→ Recorded information:
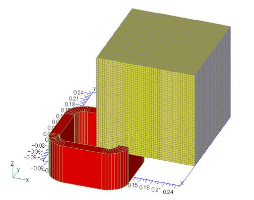 As an example, let us calculate the magnetic field generated by the COIL (red) shown in Fig. 1 in the region of the magnetic field evaluation point (yellow) in B_INTEG. The shape and dimensions of the COIL are described in the input data. To set the magnetic field evaluation points of B_INTEG, the mesh data, B_integ_mesh file, is used as input data.
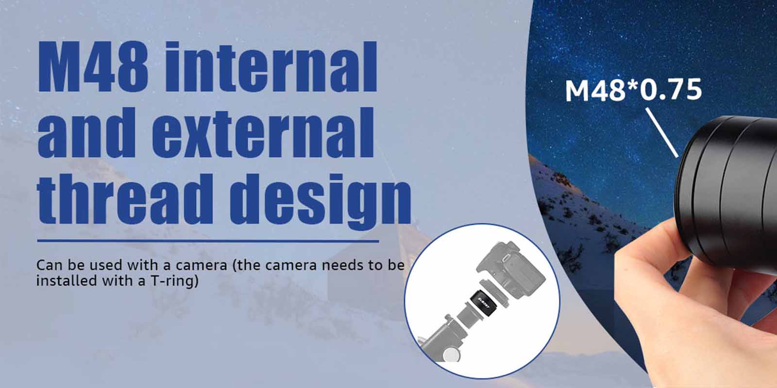 - Male thread and female thread both are M48*0.75mm;Solving spacing problems in astrophotography and eliminates a range of focusing problems;
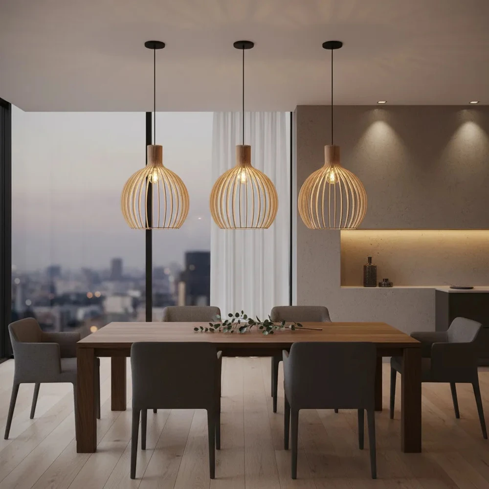 Un luminaire suspendu en bois pour une atmosphère douce et authentique
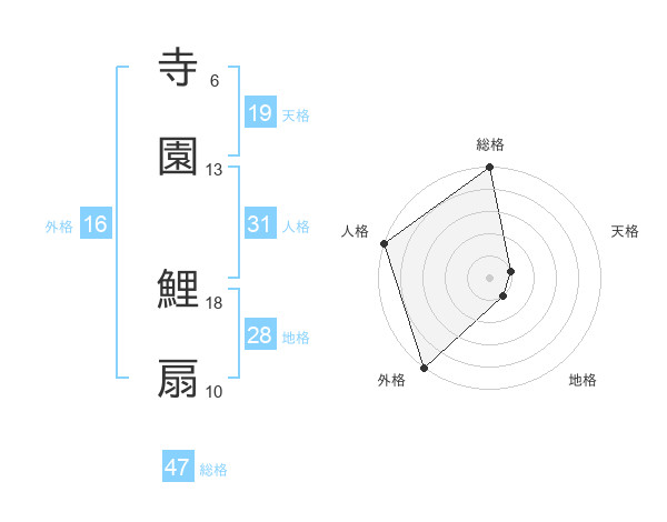寺園 鯉扇さんを姓名の画数から五運を鑑定
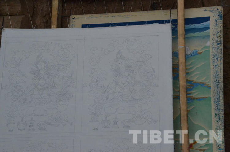 除了現場正在繪畫的3名學徒外,西熱秋久還有其他14名徒弟,他們大都是村里的建檔立卡戶。自2016年起,經駐村工作隊和村“兩委”研討、建檔立卡戶同意后,最終扶持本村的致富帶頭人西熱秋久成立了唐卡繪制農牧民專業合作社,定為村里的扶貧產業,建檔立卡戶可以來此學習,成為學徒后在這里學習唐卡繪制,吃住都在這里并能獲得一定的工資。
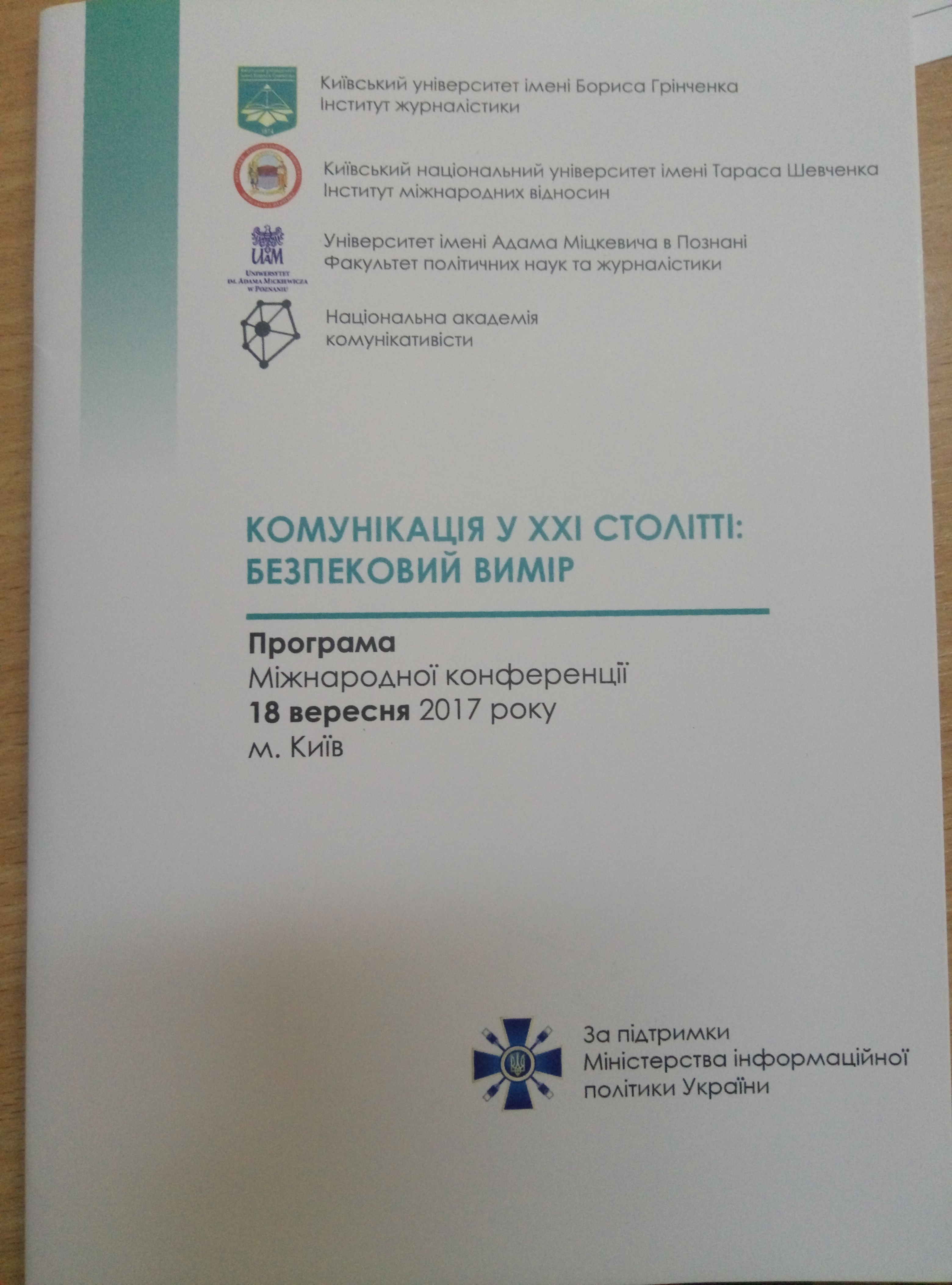 | 2681 | Міжнародна конференція «Комунікація в ХХІ столітті: безпековий вимір» | Управління інформацією в сучасному світі: без пекові аспекти | Київський університет імені Бориса Грінченка |
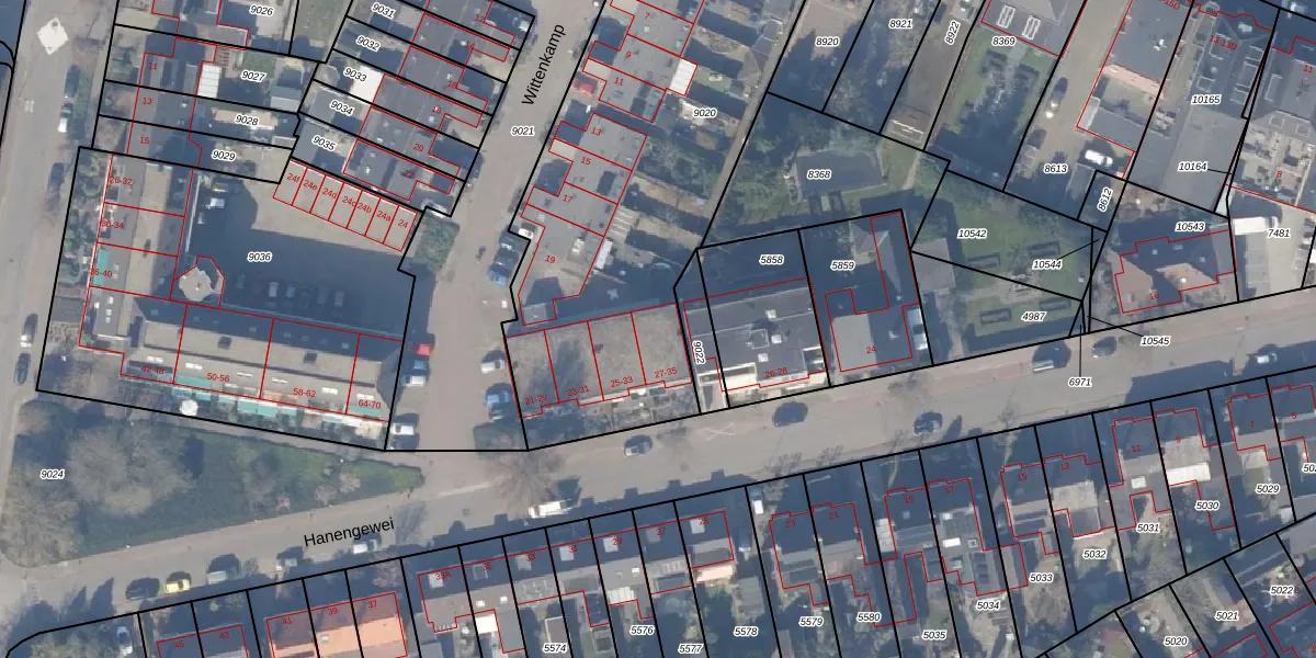 Het perceel waarop Wittenkamp 35 staat heeft een oppervlakte van 2210 m². Dit is een zeer groot perceel. De perceeloppervlakte wordt geregistreerd door het Kadaster. Gedetailleerde informatie over de maten van dit perceel kunt u vinden in het rapport Kadastrale kaart met maatvoering van Wittenkamp 35.
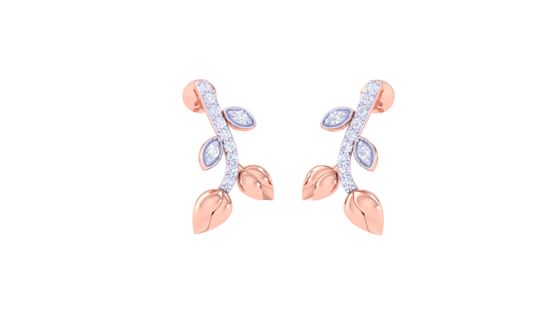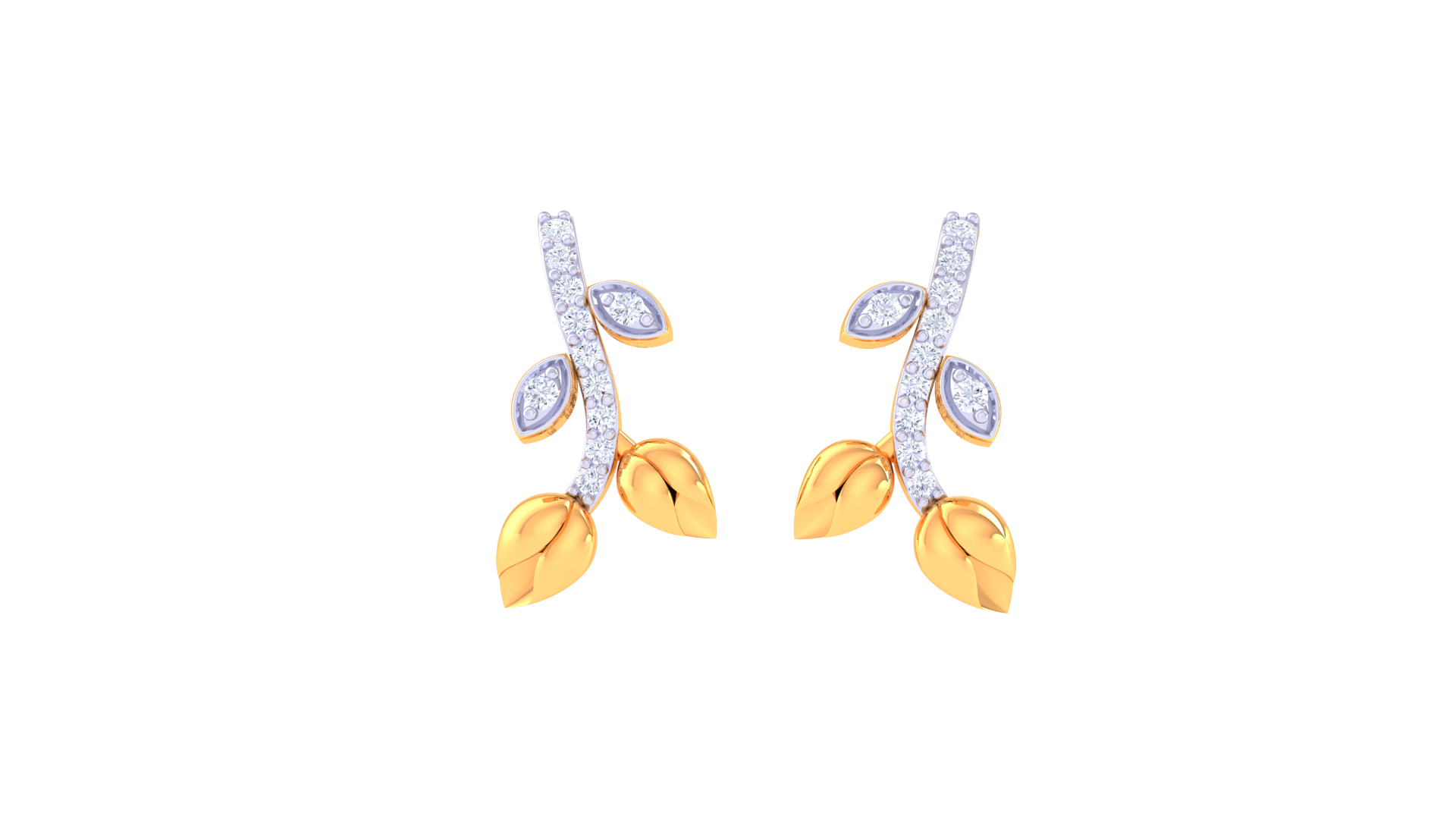 Morning Dew Leaves Stud Earrings In Gold - 0.18 Ct Diamonds

→ Problem to work on: Leave the pictures out and restate exactly the lines from the one that has "Un luminaire suspendu" through the final line of the entries above, both ends included.

→ Expected answer:
 Un luminaire suspendu en bois pour une atmosphère douce et authentique
寺園 鯉扇さんを姓名の画数から五運を鑑定
 除了現場正在繪畫的3名學徒外,西熱秋久還有其他14名徒弟,他們大都是村里的建檔立卡戶。自2016年起,經駐村工作隊和村“兩委”研討、建檔立卡戶同意后,最終扶持本村的致富帶頭人西熱秋久成立了唐卡繪制農牧民專業合作社,定為村里的扶貧產業,建檔立卡戶可以來此學習,成為學徒后在這里學習唐卡繪制,吃住都在這里并能獲得一定的工資。
 | 2681 | Міжнародна конференція «Комунікація в ХХІ столітті: безпековий вимір» | Управління інформацією в сучасному світі: без пекові аспекти | Київський університет імені Бориса Грінченка |
 Het perceel waarop Wittenkamp 35 staat heeft een oppervlakte van 2210 m². Dit is een zeer groot perceel. De perceeloppervlakte wordt geregistreerd door het Kadaster. Gedetailleerde informatie over de maten van dit perceel kunt u vinden in het rapport Kadastrale kaart met maatvoering van Wittenkamp 35.
 Morning Dew Leaves Stud Earrings In Gold - 0.18 Ct Diamonds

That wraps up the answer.